Lorri_M_Intel · ‎04-16-2018

If you do not specify /heap-arrays, there is no code generated to check the size of a temporary array, it is simply allocated on the stack.

If you specify /heap-arrays, the *compiler*, at compile time, checks the size of the temporary array, and if it will be less than the threshold, allocates it on the stack. If it will be greater, or **if the compiler cannot tell at compile time**, it allocates the memory from heap.

As I said in #16, the decision is NOT made at runtime.

Calling our allocate routine does generate more instructions than just growing the stack. It's also possible that if the calls to the allocate routine are within a hot-spot, that the optimizer would not be able to be as aggressive.

Still, 4MB is a pretty big growth.

Is there any chance that you're comparing RELEASE and DEBUG configurations? Or, that you also set a /check option?

Craig_T_ · ‎04-16-2018

Benchmark results when /heap-arrays:n was set with n a huge value were dramatically slower (14-27%) than when /heap-arrays was omitted outright. This is consistent with the notion that usage of /heap-arrays adds overhead to the code that did not exist before because the compiler required no tests.

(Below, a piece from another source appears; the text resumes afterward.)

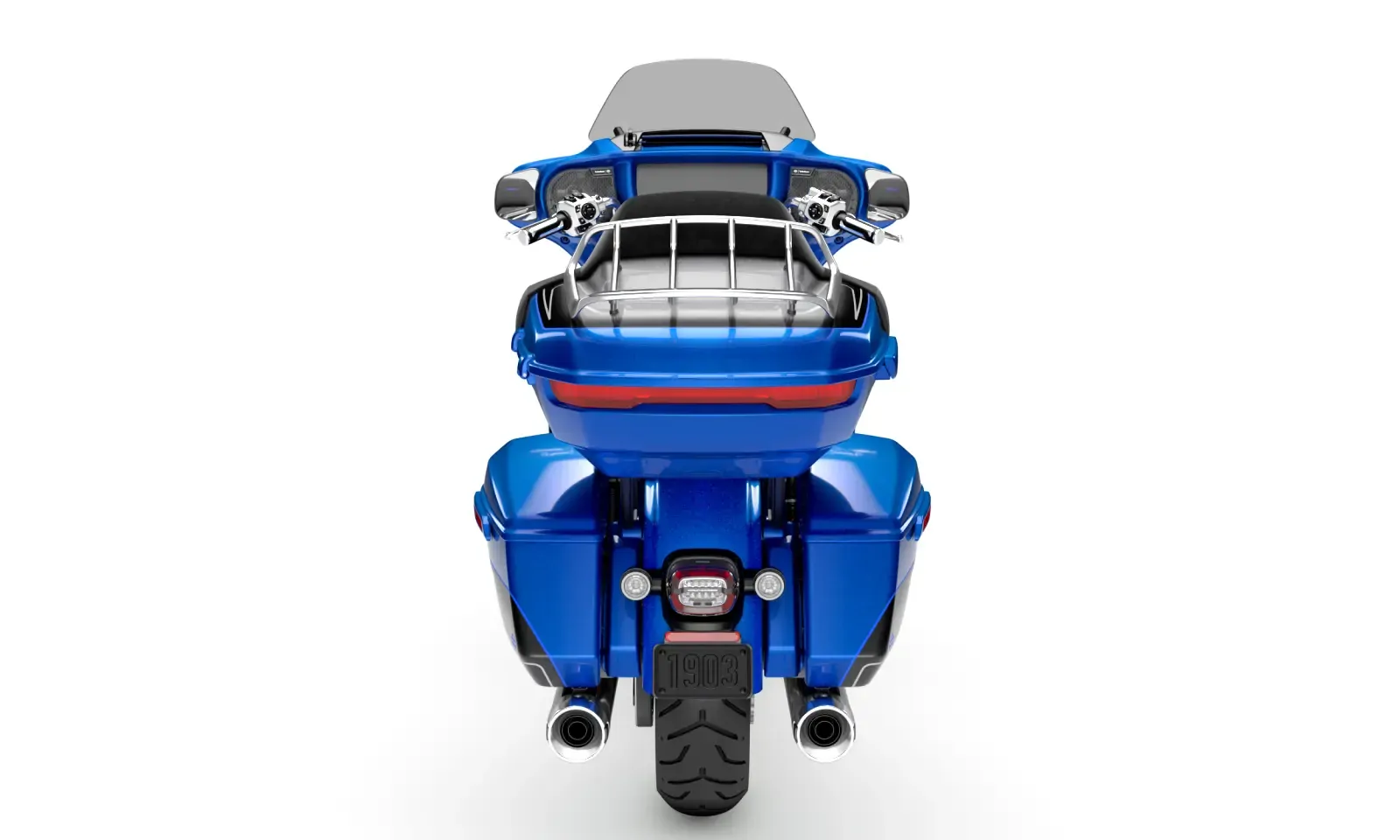 The new Grand Tour-Pak brings refined function to luxury touring. Flush lighting, integrated speaker pods, and a reimagined rack design create a seamless visual flow, while electronic locking saddlebags, pull-out liners, and improved storage access make every mile of travel that much easier.

No, the 4Mb difference was from only adding /heap-arrays. The 4Mb figure is from a release solver without any /check options. Do note this is a small percent though (between 1-2% of release exe).

Outstanding question: Are there any diagnostic tools (ideally static/non-run-time ones) or techniques that can be used to isolate code that is newly more stack-usage intensive than with ifort 14.0?

I recommend that when Intel makes a compiler change like this in the future, they maintain some flag to maintain the previous behavior. Hopefully this thread is clear enough to communicate that failure to do this positions customers in situations where compiler upgrade is unattractive.